Филарет встал, походил спокойно и сказал:
– Ты руку приложи.
Царь подписал бумагу.
– Бориса вышлем в вотчину отца его, в село Ильинское. Михаила – в Галич! А ехать им – назавтра.
– Твоя воля, батюшка.
– Государя есть воля! – поправил Филарет. – Объявит Салтыкам наш приговор дьяк Грамотин.
– Воля твоя, батюшка… А как же с Марьей быть? – с опаской спросил Михаил.
Святейший сдвинул брови.
– Марья? – сказал он загадочно, скрестив руки. – Верно ли, что, не спросясь моего родительского слова, ты услал в Нижний Новгород Федора Шереметева за Марьей Хлоповой?
– Верно, батюшка. Жизни мне без Марьи нет!
– Черни бумагу по указаниям моим, коль ты свой разум потерял… Всякий земной человек найдет путь к истине. Мы найдем на Москве другую Марью. Покорись судьбе. Забудь ее! Бери перо.

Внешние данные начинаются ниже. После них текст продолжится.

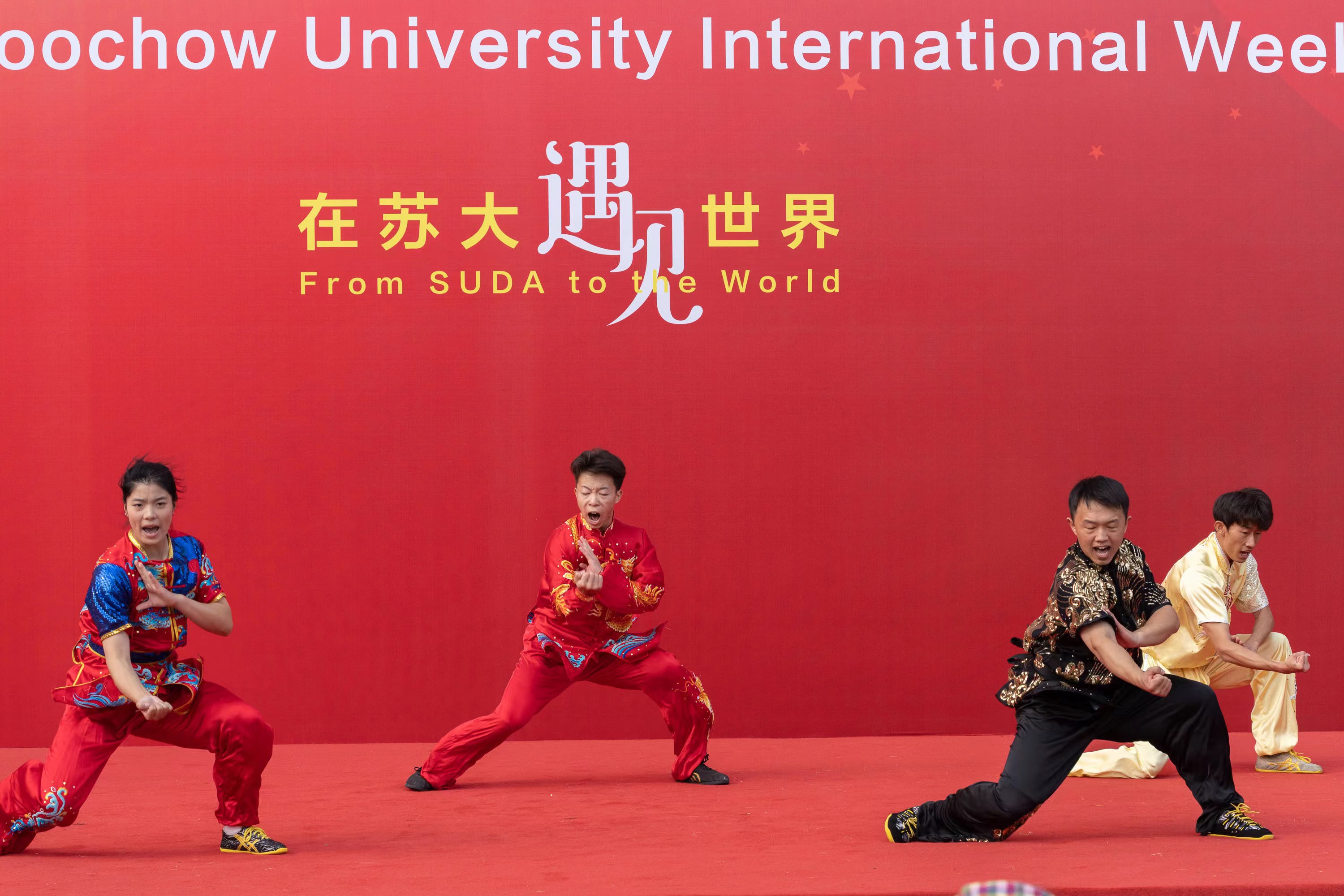 為搭建和諧互鑒、美美與共的文化交流平臺,彰顯蘇州大學的國際化特色和多元文化氣息,10月14日,2023年蘇州大學國際周活動在天賜莊校區理工大樓南草坪舉行。省教育廳對外合作與交流處副處長汝益仙,蘇州市外事辦公室處長趙崢,我校副校長李孝峰國際創新藥學院外方院長愛爾蘭皇家外科醫學院教授Brian Kirby,我校相關部門負責人以及各校外友好合作單位代表出席開幕式。開幕式由我校國際合作交流處處長何樂主持。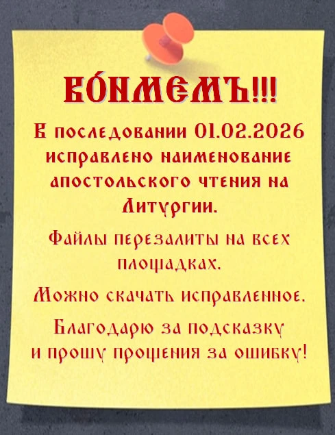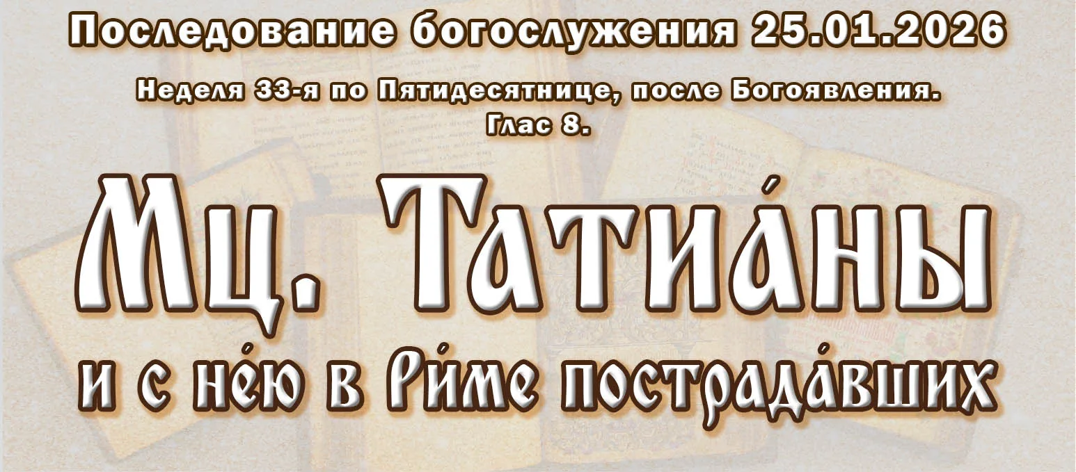 25.01.26 н.ст. / 12.01.26 ст.ст. Неде́ля 33-я по Пятидеся́тнице, по́сле Богоявле́ния. Мц. Татиа́ны и с не́ю в Ри́ме пострада́вших. Глас 8.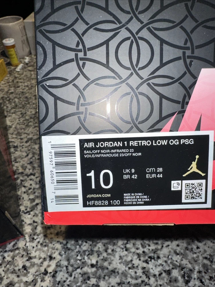 Step up your sneaker game with the Size 8.5 Paris Saint-Germain x Air Jordan 1 Retro OG Low Sail Pink Oxford. This stylish and comfortable sneaker features a Low Top Shoe Shaft Style and a Jordan 1 Retro Low Silhouette, perfect for any athletic occasion. The sneaker is made with high-quality Leather Upper Material and boasts a striking Red Color that is sure to turn heads. The Air Jordan 1 model has been a fan favorite since its introduction in 1992, and this collaboration with Paris Saint-Germain adds a unique touch to the iconic design. With a Style Code of HF8828-100 and a US Shoe Size of 8.5, this sneaker is perfect for any man who wants to make a statement with their footwear. Whether you're hitting the basketball court or just running errands around town, the Air Jordan 1 Retro OG Low Sail Pink Oxford is a must-have addition to your sneaker collection.
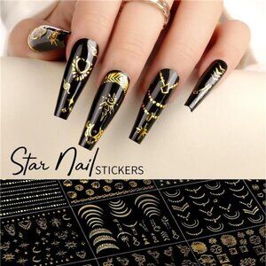 🧿50 Sheets Gold Nail Art Stickers for All Season Especially in Fall Winter: There are 50 sheets gold nail stickers for nail art, full gold design is suitable for fall and winter, especially in Christmas, this set contains most popular elements like line, lace, various floral & plants stickers, star & moon, cross, bowknot and even Christmas & Halloween Styles to cater your creative ideas for nail art design and DIY scrapbooking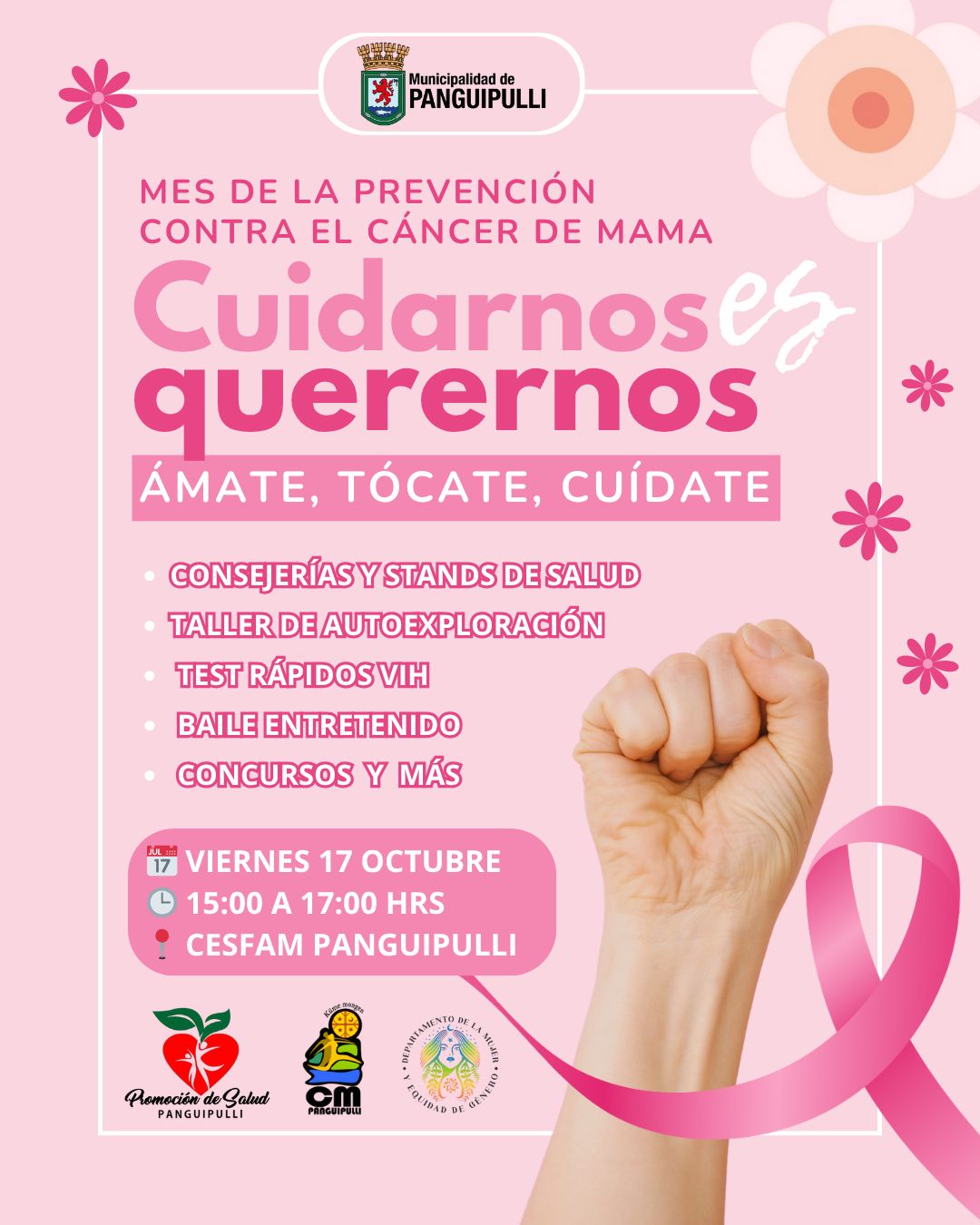 Octubre es el «Mes de Sensibilización sobre el Cáncer de Mama», y desde el CESFAM Panguipulli, en conjunto con el Departamento de la Mujer y Equidad de Género del municipio, te invitan a participar en una jornada especial para reflexionar, aprender y compartir sobre esta importante temática.

Михаил взял перо. На бумагу упали слезы…
«Указ в Нижний Новгород Шереметеву, Глебову, дьяку Михайлову о немедленном возвращении в Москву и об отказе Ивану Хлопову. Государь дочь его Марью взять на себя не соизволяет… Ивану Хлопову ехать в свою вотчину на Коломну, и быть ему в вотчине по-прежнему, а теще его Федоре Григорьевне Желябужской, и детям ее быть в Нижнем у Марьи Хлоповой по-прежнему. А корм давать ей, бабке, и дядьям перед прежним вдвое…»
– Теперь, – с притворным смирением сказал Филарет, – руку клади к указу нашему.
Едва держа перо в руках, царь подписал и эту бумагу…
ГЛАВА ДВАДЦАТЬ ВОСЬМАЯ
Из Москвы ссылали бояр Салтыковых. А солнышко играло яркое, веселое. Золотились церковные и монастырские купола. Птицы звонко пели.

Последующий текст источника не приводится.